Our starting point, as all others have said, must be the Government’s recently published national cancer plan, which I for one found an inspiring read. I very much welcome the ambitions set out in it, particularly because they are not only outcome-based but based on outcomes that are in many cases pretty challenging to achieve. That has to be the right approach, but every challenging target carries with it an implicit invitation to the wider world to hold the system to account for its delivery. With the cancer plan, that is not entirely a straightforward matter.

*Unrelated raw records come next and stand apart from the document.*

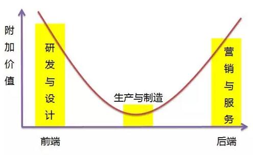 中國(guó)是制造業(yè)大國(guó),但還遠(yuǎn)非制造業(yè)強(qiáng)國(guó),隨著內(nèi)部和外部環(huán)境的不斷變化,中國(guó)的制造業(yè)也面臨著巨大的挑戰(zhàn)。從世界品牌實(shí)驗(yàn)室 2015 年發(fā)布的數(shù)據(jù)統(tǒng)計(jì)來看,在“世界品 牌 500 強(qiáng)”中,中國(guó)的企業(yè)也僅占 6%;中國(guó)汽車工業(yè)迄今為止所掌握的核心零部件技術(shù)還不到 20%。這就要提到微笑曲線(見圖1),將產(chǎn)業(yè)鏈分為研發(fā)與設(shè)計(jì)、生產(chǎn)與制造、營(yíng)銷與服務(wù)三個(gè)區(qū)間,可以看到,生產(chǎn)制造環(huán)節(jié)處在產(chǎn)業(yè)鏈低利潤(rùn)環(huán)節(jié),而兩端為高端位置,為高利潤(rùn)環(huán)節(jié)。目前我國(guó)大部分制造業(yè)還處在國(guó)際產(chǎn)業(yè)價(jià)值鏈的低端環(huán)節(jié),存在創(chuàng)新能力不強(qiáng)、核心競(jìng)爭(zhēng)力不足、產(chǎn)業(yè)集中度低、低端產(chǎn)品生產(chǎn)擴(kuò)張過度而高附加值產(chǎn)品依賴進(jìn)口等問題。
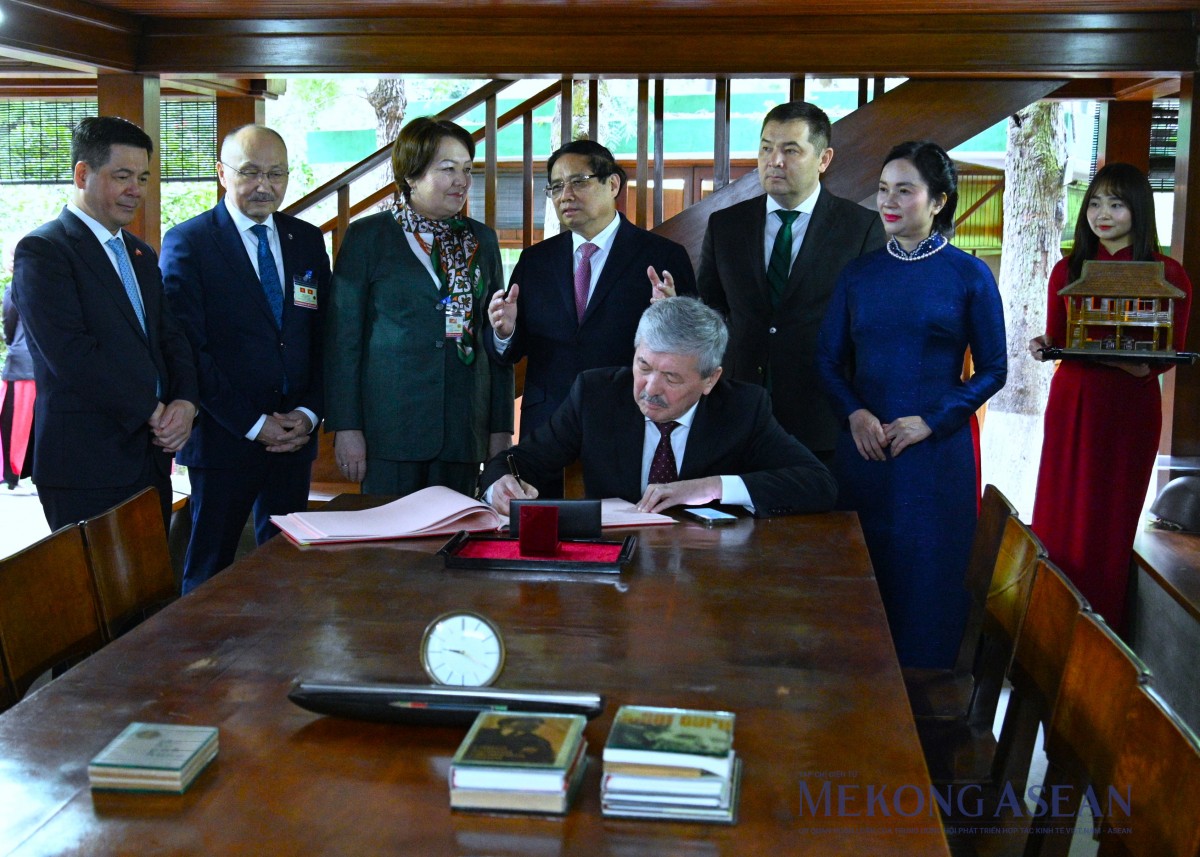 | Thủ tướng Kyrgzystan Adylbek Kasymaliev viết lưu bút tại Nhà sàn Bác Hồ. Ảnh: Đỗ Thảo - Mekong ASEAN |
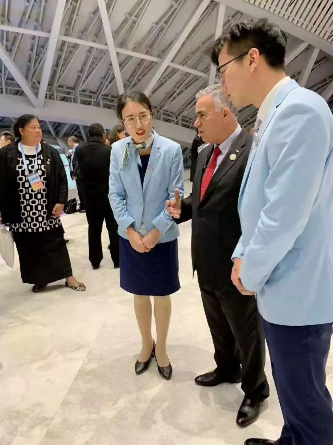 所幸,机会降临到了我身上,在大会期间,我获得了多次为外宾服务的机会,尤其是来自各个阿拉伯国家的嘉宾。其中印象最深刻的是为沙特城市规划与建设部副部长一行人在展馆用阿拉伯语介绍京东、百度、高德等部分产品时获得了他们对我语言能力的高度肯定。对此,我表示十分感激。”高铭铭同学如是说。

The ambitions in the plan are, quite rightly, many. They cover not only the desired ends but the means. We can measure success, or the lack of it, in the traditional way, by reference to the waiting time standards, and those are extremely important, but when we look at some of the other boxes that the plan sets out to tick—for example, quality of life improvements; reducing regional inequalities, which the noble Lord, Lord Patel, emphasised; reducing inequalities for children and young people; as well as such things as fostering a whole-society approach to prevention—we begin to see how many areas there are to be monitored and for which credible metrics will need to be devised.

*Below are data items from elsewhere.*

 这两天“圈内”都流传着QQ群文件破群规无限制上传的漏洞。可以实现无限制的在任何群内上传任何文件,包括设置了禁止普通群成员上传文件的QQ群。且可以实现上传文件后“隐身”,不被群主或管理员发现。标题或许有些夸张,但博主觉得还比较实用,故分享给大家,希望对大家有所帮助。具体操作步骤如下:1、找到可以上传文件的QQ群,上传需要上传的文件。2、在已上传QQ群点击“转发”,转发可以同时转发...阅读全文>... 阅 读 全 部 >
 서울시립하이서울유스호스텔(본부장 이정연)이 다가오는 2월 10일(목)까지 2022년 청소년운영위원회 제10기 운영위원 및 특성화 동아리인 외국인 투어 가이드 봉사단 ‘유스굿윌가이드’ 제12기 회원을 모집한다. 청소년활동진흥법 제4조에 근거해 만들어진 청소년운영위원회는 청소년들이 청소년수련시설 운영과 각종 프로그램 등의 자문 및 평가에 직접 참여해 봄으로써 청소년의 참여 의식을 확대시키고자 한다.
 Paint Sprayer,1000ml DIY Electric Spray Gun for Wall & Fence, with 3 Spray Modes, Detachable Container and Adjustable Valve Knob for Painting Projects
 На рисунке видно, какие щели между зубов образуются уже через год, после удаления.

I was glad to see that the Government have thought about this in the area of diagnostics, which will of course be crucial to the success of the plan. The four new key metrics that have been designed to track improvements in early-stage cancer diagnosis are excellent but, as the plan sets out, there is a whole set of measures on which such improvements will themselves depend: for instance, the expansion and wider take-up of screening; the enhancing of the NHS app and getting people to use it; and the general speeding up of the patient pathway.

As the plan concedes, quite refreshingly, a lot will also depend on basic improvements in administrative efficiency across the NHS, which, I am afraid, has been a depressingly difficult nut to crack in a number of areas. Let us not forget that put together, these ambitions, if they are to be met to their fullest degree, will require a focus on that rather elusive concept, championed so effectively by the noble Lord, Lord Darzi, in the last Labour Government, of quality—quality of process, quality of care and quality of outcomes. So it is good news that the National Quality Board will be taking it as part of its remit to adopt what the plan calls a

“more rigorous and evidence-based approach to quality improvement”.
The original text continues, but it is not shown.